** WHAT YOU ARE ASKED TO DO **
Output the lines of the records below exactly, beginning at their first line and ending at the line with "Combinação perfeita entre"; include no pictures.

** DATA PROVIDED **
=-=-=-=-=
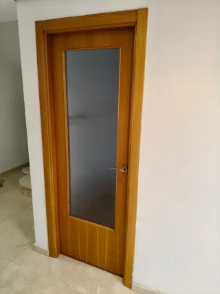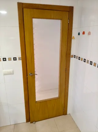 Puertas de paso para interiores, fabricadas en madera acabado pino, tres puntos anclaje. Tapajuntas de 7cm. Manetas y galce incluidas. No premarcos. Altura hoja puertas 204cm. - 1x puerta cocina 72,5cm izquierda. Hoja vidrio traslucido integrada. Galce 10cm. - 3x puerta paso 72,5cm izquierda. Galce 9cm. - 1x puerta paso 72,5cm derecha. Galce 9cm - 1x puerta paso 62,5cm izquierda. Galce 10cm. Con minicondena. - 1x puerta paso 62,5cm derecha. Galce 10cm. Con minicondena. El precio es por unidad.
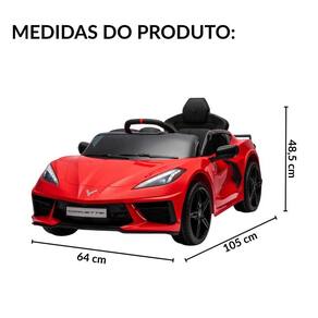 Combinação perfeita entre velocidade, design esportivo e diversão com segurança! Inspirado no lendário Chevrolet Corvette, este modelo impressiona pelos detalhes realistas, acabamento brilhante e estilo moderno, garantindo uma experiência incrível para os pequenos motoristas.
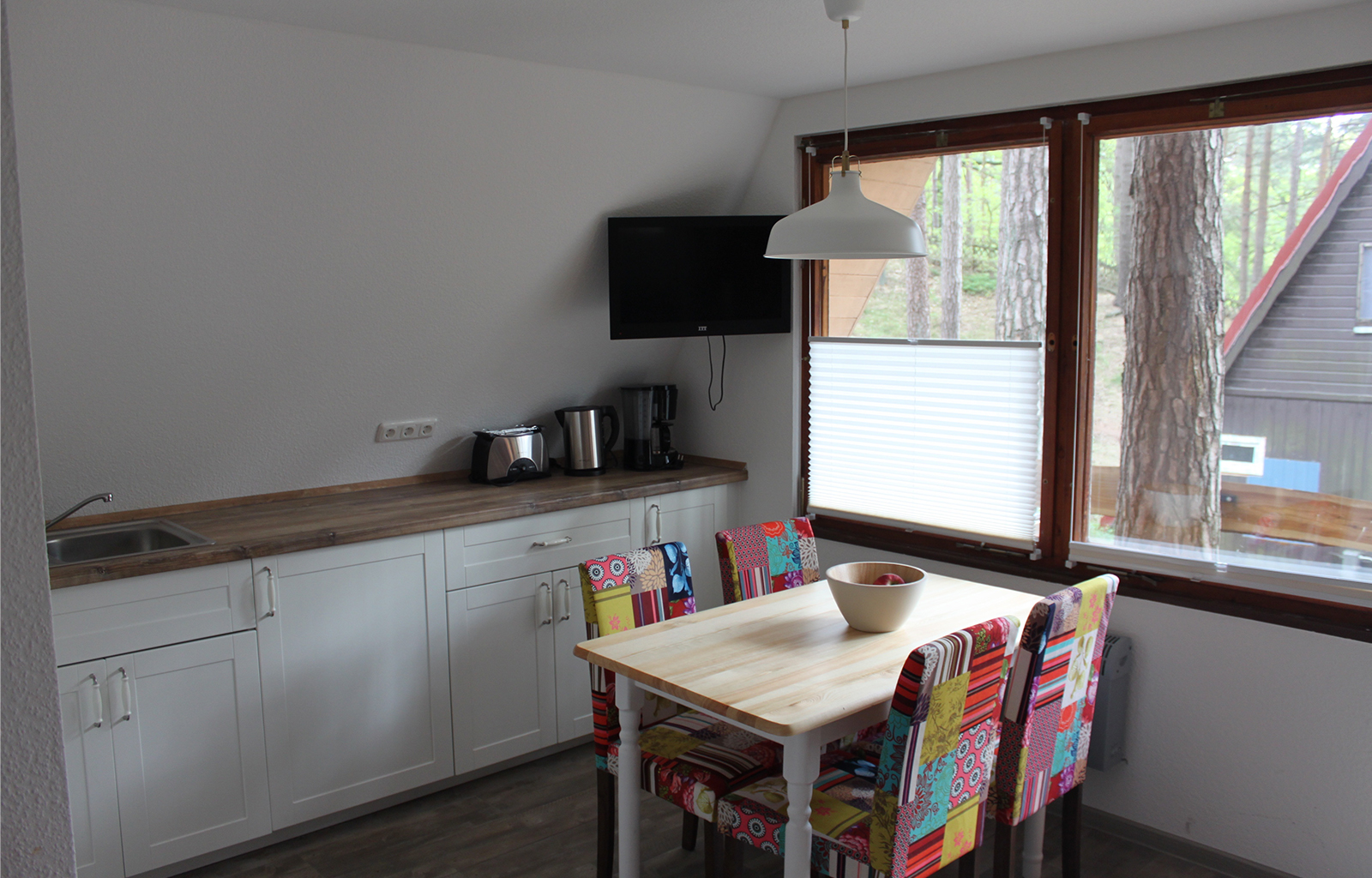 Und was Sie noch in Ihrer Finnhütte erwartet: Eine Küchenzeile mit Kühlschrank, Spüle, 2 mobilen Kochfeldern, Wasserkocher, Kaffeemaschine, Toaster und diverse Einzelteile, die Sie täglich brauchen. Wen einmal Messer, Gabel, Schere nicht genügend zur Verfügung stehen sollten, wenden sie sich bitte an unsere Verwaltung.
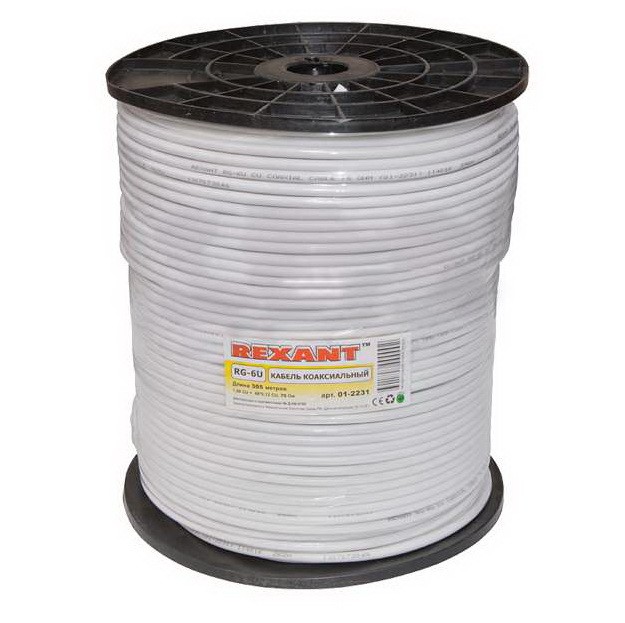 Качественный телевизионный кабель является важным связующим элементом в видео и ТВ-системах. Обеспечивающий передачу высокочастотных электрических сигналов, коаксиальный кабель Rexant RG-6U+Cu 48х0,12 +Cu (75 Ом) белый применяется для систем кабельного и спутникового телевидения. Данный кабель состоит из размещенных соосно центрального одножильного медного проводника и экрана. Внутренний одножильный проводник изготовлен из качественной меди, обеспечивающей высококлассную передачу сигналов, и заключен в полиэтиленовый диэлектрик, который сохраняет соосное расположение проводника и экрана. Экран кабеля наложен на сердечник и имеет дополнительную оплетку из 48 медных нитей для обеспечения его электрической непрерывности и улучшения защиты от помех. Внешняя оболочка кабеля изготовлена из ПВХ и имеет белый цвет. Номинальное волновое сопротивление кабеля – 75 Ом. Кабель применим для сигналов с диапазоном частот 5-1000 МГц.
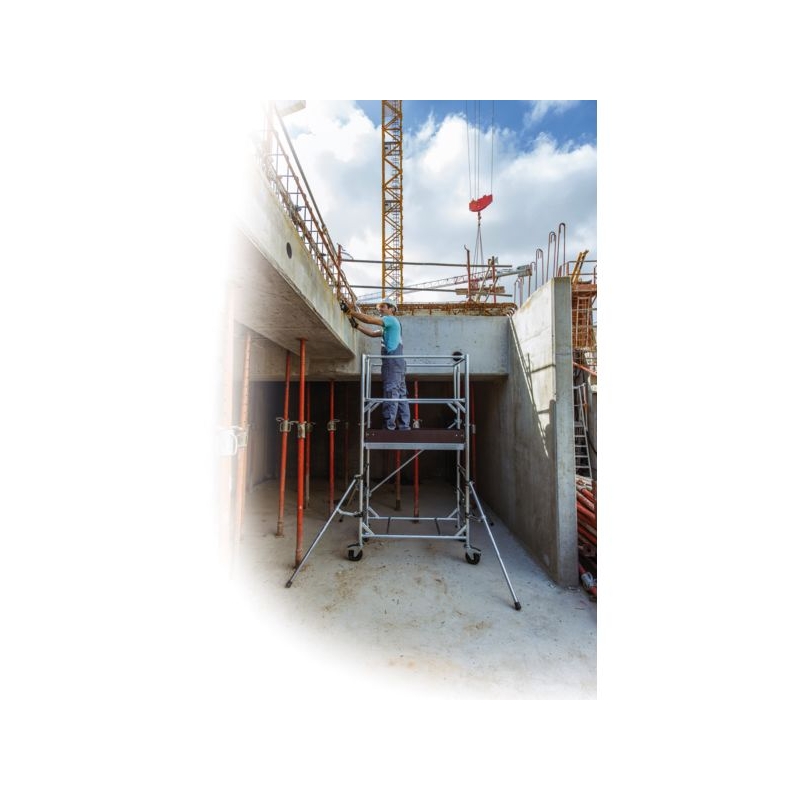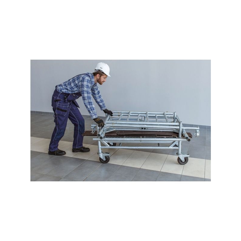 Utilisation sur sol plat, usage ultra intensif. En acier soudé galvanisé. Montants de 45 mm. Base monobloc roulante pouvant servir de chariot de transport. Plancher acier. Garde-corps monobloc. Montage et démontage sans vis ni outils, en sécurité. Roues directionnelles et autobloquantes Ø 160 mm. 4 stabilisateurs pivotants. Passage des portes de 73 cm. Grutable. Dimensions du plancher : 1,10 x 0,60 m Charge maxi. : 200 kg/m² Norme : décret 2004-924
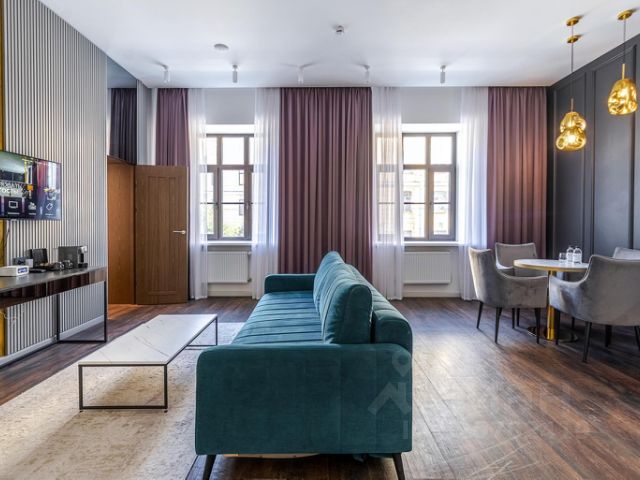 Апартаменты "Автор" в центре Санкт-Петербурга, расположенный на живописной набережной реки Фонтанки, предлагает своим гостям удобное размещение рядом с основными достопримечательностями. В непосредственной близости от отеля находятся исторические и культурные памятники города. Через дорогу расположен цирк Чинизелли и Конюшни Михайловского замка, а всего в 400 метрах — сам Михайловский замок, одно из красивейших зданий Петербурга. Для тех, кто любит архитектуру и искусство, в 5 минутах ходьбы на другой стороне реки находится Шереметевский дворец, известный своими коллекциями искусства и старинных интерьеров. До ближайшей станции метро "Гостиный двор" можно дойти всего за 10 минут, что делает отель удобным для перемещений по городу. К услугам гостей представлены несколько категорий апартаментов, среди которых Стандарт, Стандарт семейный и Люкс. Каждая комната продумана до мелочей, чтобы обеспечить гостям комфортное и приятное пребывание. Есть всё необходимое: телевизор, холодильник, кондиционер, сейф для хранения ценных вещей, а также бесплатный Wi-Fi для удобного доступа к интернету. В каждой комнате предусмотрена отдельная ванная комната с феном, свежими полотенцами и туалетно-косметическими принадлежностями, что добавляет уюта и удобства. На территории апартаментов гости могут воспользоваться бесплатным Wi-Fi. Люкс 2-х этажный с джакузи для некурящих, с сан. узлом, феном, халатами, бесплатными туалетными принадлежностями и Wi-Fi. Во всех комнатах есть телевизор, сейф, холодильник, кондиционер, мебельный гарнитур, а также письменный стол. На 1 - уровне расположена гостиная, 2 односпальных кровати, которые при необходимости сдвигаются и делается 1 большая кровать, туалет. На 2-м уровне расположена спальня с кроватью queen size (160*200) и ванная комната с джакузи. На 1 уровне возможно по предварительному запросу подготовить дополнительное спальное место - еврораскладушку. Максимальное размещение 5 взрослых и 1 ребёнок до 4-х лет без предоставления отдельного спального места.
=-=-=-=-=
** ANSWER BOX **
 Puertas de paso para interiores, fabricadas en madera acabado pino, tres puntos anclaje. Tapajuntas de 7cm. Manetas y galce incluidas. No premarcos. Altura hoja puertas 204cm. - 1x puerta cocina 72,5cm izquierda. Hoja vidrio traslucido integrada. Galce 10cm. - 3x puerta paso 72,5cm izquierda. Galce 9cm. - 1x puerta paso 72,5cm derecha. Galce 9cm - 1x puerta paso 62,5cm izquierda. Galce 10cm. Con minicondena. - 1x puerta paso 62,5cm derecha. Galce 10cm. Con minicondena. El precio es por unidad.
 Combinação perfeita entre velocidade, design esportivo e diversão com segurança! Inspirado no lendário Chevrolet Corvette, este modelo impressiona pelos detalhes realistas, acabamento brilhante e estilo moderno, garantindo uma experiência incrível para os pequenos motoristas.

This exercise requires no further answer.